Problem to work on = What you return must match, exactly, the lines running from the one containing "el presidente municipal" to the end of the data, both included, and must contain no pictures.
(Provided data begins)
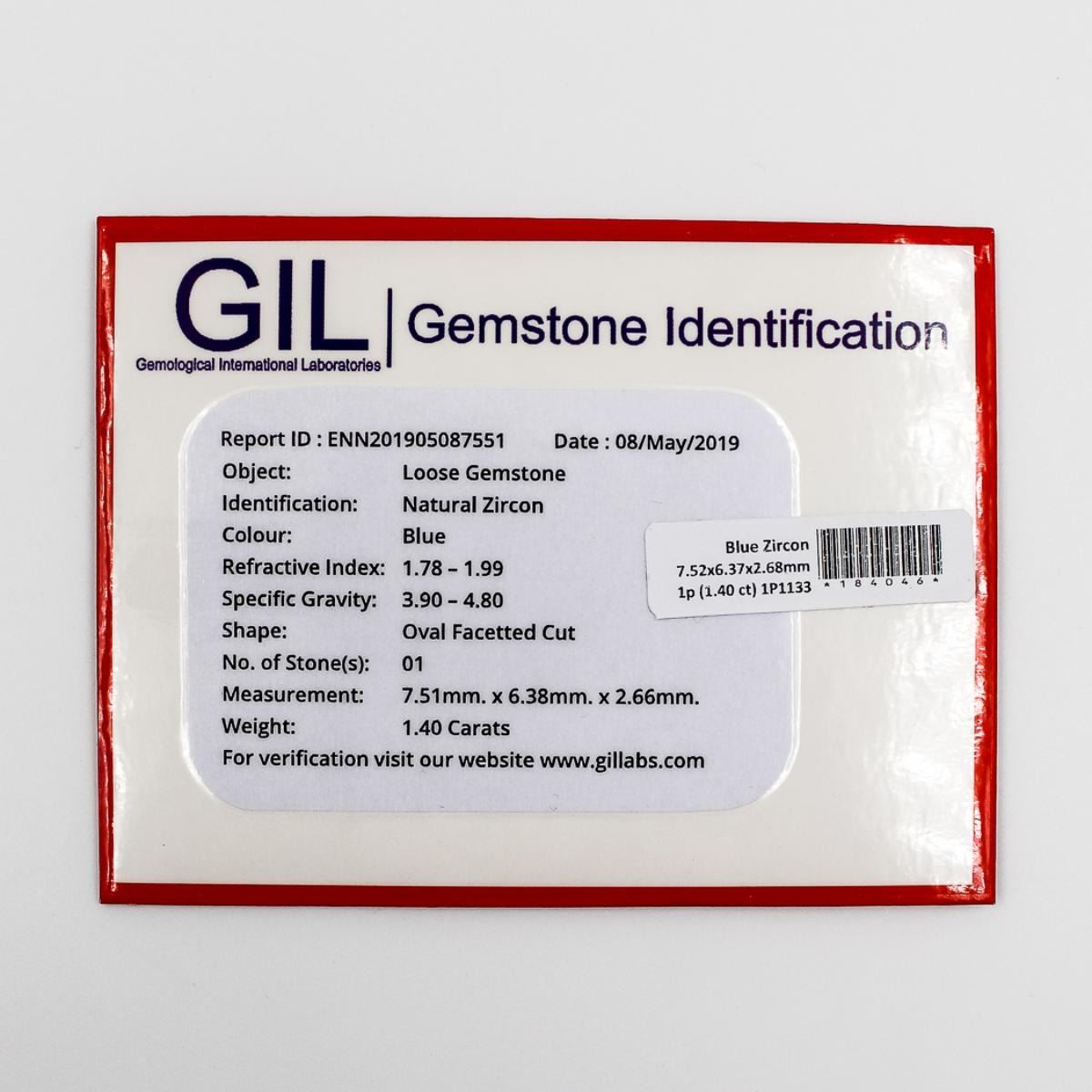 Beautiful Certified 1.40 Ct Natural Blie Zircon.This Cambodia Mined Zircon is an oval cut measuring 7.51 x 6.38 x 2.66 mm.
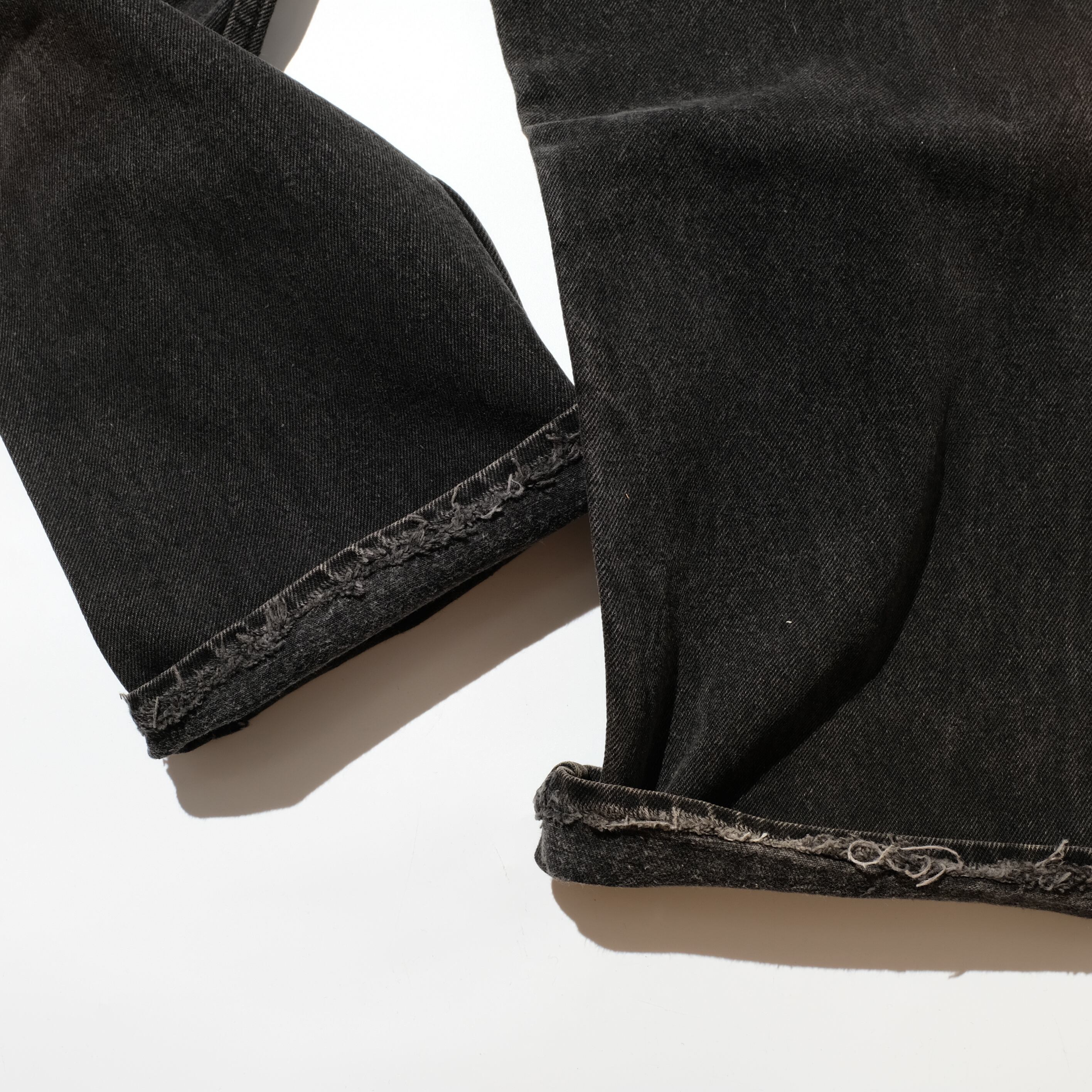 ブラックのカラーが色濃く残るこちらの個体。やはりこの年代のリーバイスのブラックデニムは一本持っておくと本当に重宝します。またW36ですのでやはりサイズアップして穿いていただくには最高のサイズですね。若干イレギュラーな裾上げこそございますが着用に支障はないですし、実寸でL26のサイズもジャストの丈感で穿かれたい方には良いサイズではないでしょうか。貴重な90's Levi'sのブラックデニム、是非ご検討ください。
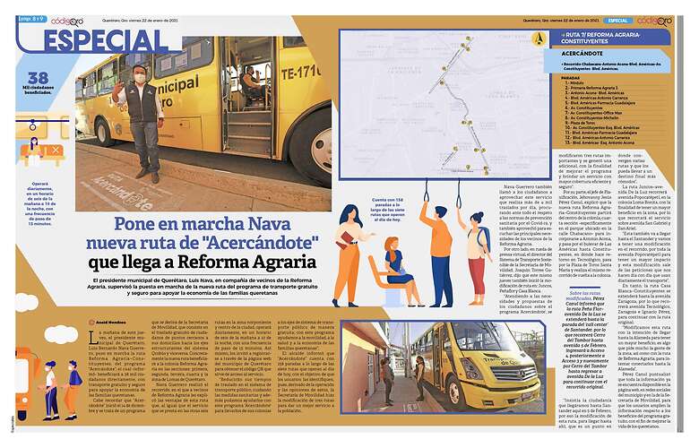 el presidente municipal de Querétaro, Luis Bernardo Nava Guerrero, puso en marcha la ruta Reforma Agraria–Constituyentes, del programa “Acercándote”, el cual -informó- beneficiará a 38 mil ciudadanos directamente, con transporte gratuito y seguro para apoyar la economía de las familias queretanas.
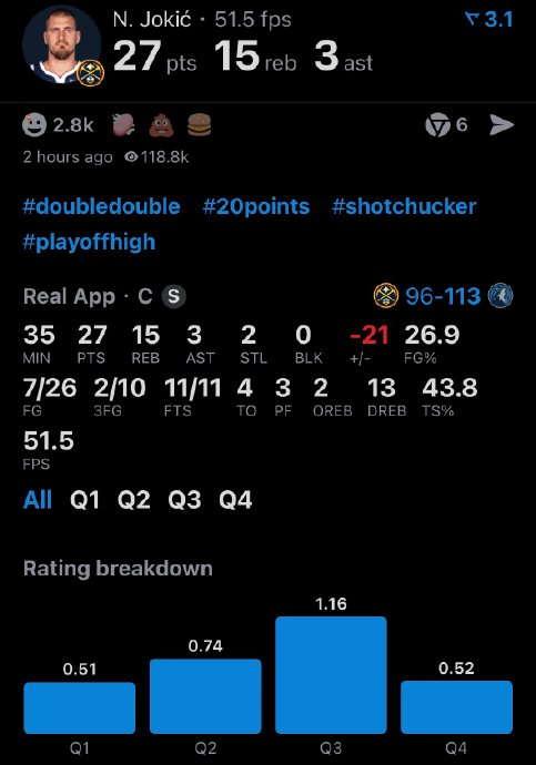 森林狼本场祭出联盟顶级的防守策略:单兵封锁+轮转协防。戈贝尔全场如影随形缠斗约基奇,迫使后者首节8投1中、末节7投1中,整场效率暴跌至26.9%,并送出3记封盖(其中2次直接封堵约基奇)。更致命的是,森林狼坚持不夹击策略,切断约基奇与队友联系,使其传球创造力锐减(仅3次助攻),同时全队快速轮转限制穆雷,导致掘金后场核心17投5中仅得16分。约穆组合合计43投12中,命中率不足三成,正负值低至-21,彻底陷入“单打困局”。
(Provided data ends)
Finished exercise =
 el presidente municipal de Querétaro, Luis Bernardo Nava Guerrero, puso en marcha la ruta Reforma Agraria–Constituyentes, del programa “Acercándote”, el cual -informó- beneficiará a 38 mil ciudadanos directamente, con transporte gratuito y seguro para apoyar la economía de las familias queretanas.
 森林狼本场祭出联盟顶级的防守策略:单兵封锁+轮转协防。戈贝尔全场如影随形缠斗约基奇,迫使后者首节8投1中、末节7投1中,整场效率暴跌至26.9%,并送出3记封盖(其中2次直接封堵约基奇)。更致命的是,森林狼坚持不夹击策略,切断约基奇与队友联系,使其传球创造力锐减(仅3次助攻),同时全队快速轮转限制穆雷,导致掘金后场核心17投5中仅得16分。约穆组合合计43投12中,命中率不足三成,正负值低至-21,彻底陷入“单打困局”。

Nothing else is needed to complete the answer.